Methylglyoxal-derived advanced glycation end products contribute to negative cardiac remodeling and dysfunction post-myocardial infarction

  • Nick J. R. Blackburn
  • Branka Vulesevic
  • Brian McNeill
  • Cagla Eren Cimenci
  • Ali Ahmadi
  • Mayte Gonzalez-Gomez
  • Aleksandra Ostojic
  • Zhiyuan Zhong
  • Michael Brownlee
  • Paul J. Beisswenger
  • Ross W. Milne
  • Erik J. SuuronenEmail author
Original Contribution

Abstract

Advanced glycation end-products (AGEs) have been associated with poorer outcomes after myocardial infarction (MI), and linked with heart failure. Methylglyoxal (MG) is considered the most important AGE precursor, but its role in MI is unknown. In this study, we investigated the involvement of MG-derived AGEs (MG-AGEs) in MI using transgenic mice that over-express the MG-metabolizing enzyme glyoxalase-1 (GLO1). MI was induced in GLO1 mice and wild-type (WT) littermates. At 6 h post-MI, mass spectrometry revealed that MG-H1 (a principal MG-AGE) was increased in the hearts of WT mice, and immunohistochemistry demonstrated that this persisted for 4 weeks. GLO1 over-expression reduced MG-AGE levels at 6 h and 4 weeks, and GLO1 mice exhibited superior cardiac function at 4 weeks post-MI compared to WT mice. Immunohistochemistry revealed greater vascular density and reduced cardiomyocyte apoptosis in GLO1 vs. WT mice. The recruitment of c-kit+ cells and their incorporation into the vasculature (c-kit+CD31+ cells) was higher in the infarcted myocardium of GLO1 mice. MG-AGEs appeared to accumulate in type I collagen surrounding arterioles, prompting investigation in vitro. In culture, the interaction of angiogenic bone marrow cells with MG-modified collagen resulted in reduced cell adhesion, increased susceptibility to apoptosis, fewer progenitor cells, and reduced angiogenic potential. This study reveals that MG-AGEs are produced post-MI and identifies a causative role for their accumulation in the cellular changes, adverse remodeling and functional loss of the heart after MI. MG may represent a novel target for preventing damage and improving function of the infarcted heart.

Keywords

Advanced glycation end-products Bone marrow cells Extracellular matrix Glyoxalase-1 Methylglyoxal Myocardial infarction 

Notes

Acknowledgements

The authors would like to thank Rick Seymour and Suzanne Crowe (University of Ottawa Heart Institute) for technical support.
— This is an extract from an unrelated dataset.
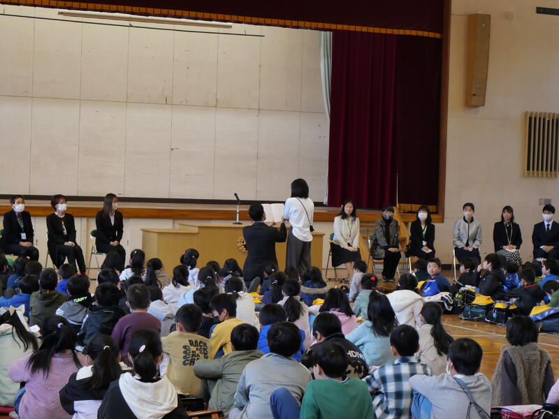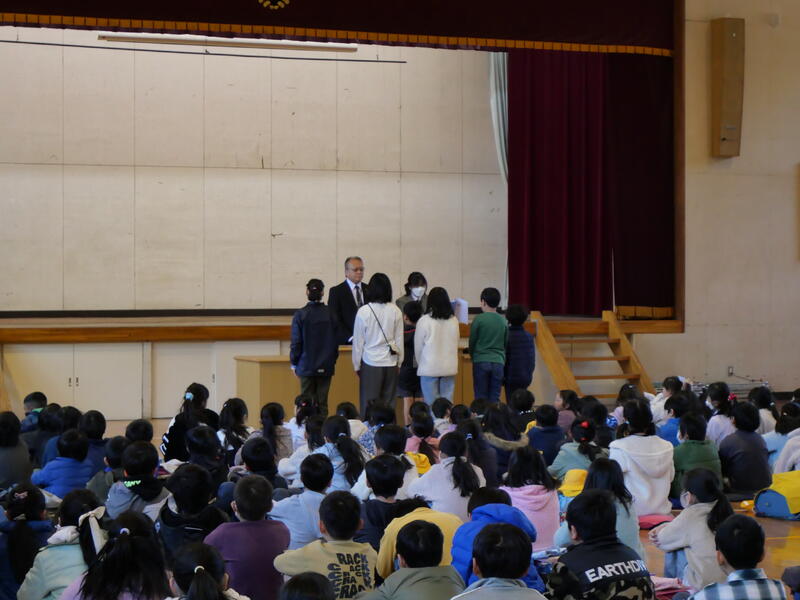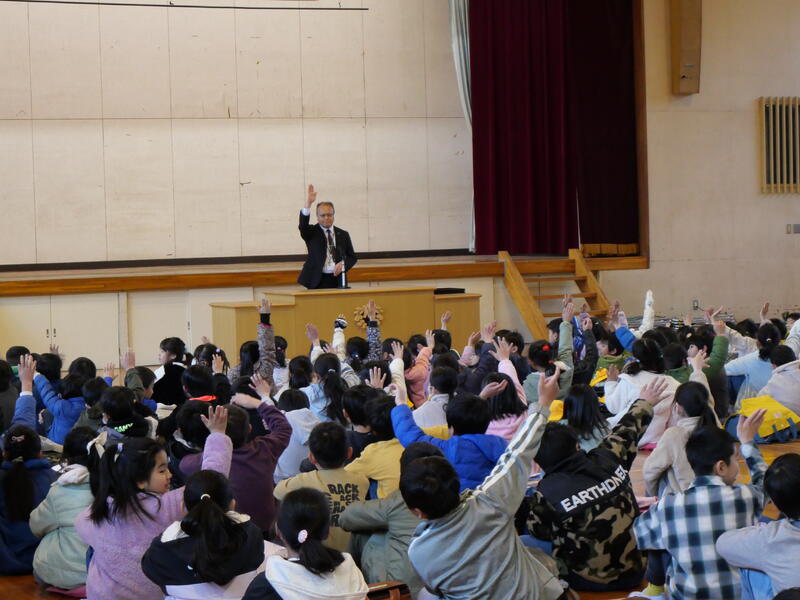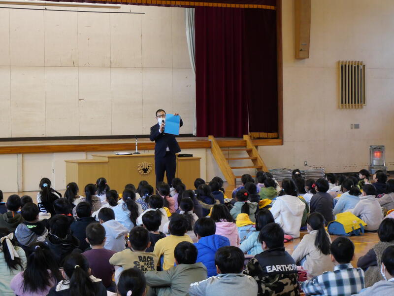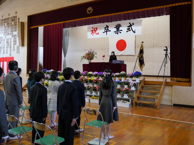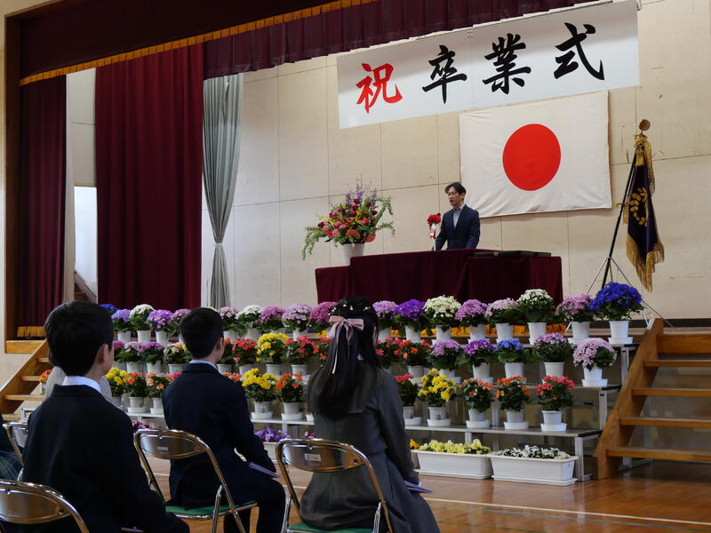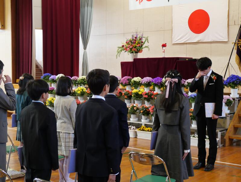 また、頑張ったことやできるようになったことを代表の藤っ子が発表してくれました。生徒指導主任の先生からは、春休みの過ごし方で気をつけてほしいことについてお話がありました。修了式に続いて辞校式。

This work was supported by operating Grants from the Heart and Stroke Foundation of Canada (HSFC; GIA-000225), and the Canadian Institutes of Health Research (CIHR; FRN 125678). Nick Blackburn was supported by a University of Ottawa Faculty of Medicine Endowed Fund for Cardiac Research and the UOHI Foundation; Branka Vulesevic by a Canadian Graduate Scholarship from the CIHR; and Brian McNeill by a Research Fellowship Award from the HSFC.

Compliance with ethical standards

Conflict of interest

PJB has a financial interest in PreventAGE Healthcare, where the mass spectrometry of MG-AGEs was performed. The authors declare no other potential conflicts of interest.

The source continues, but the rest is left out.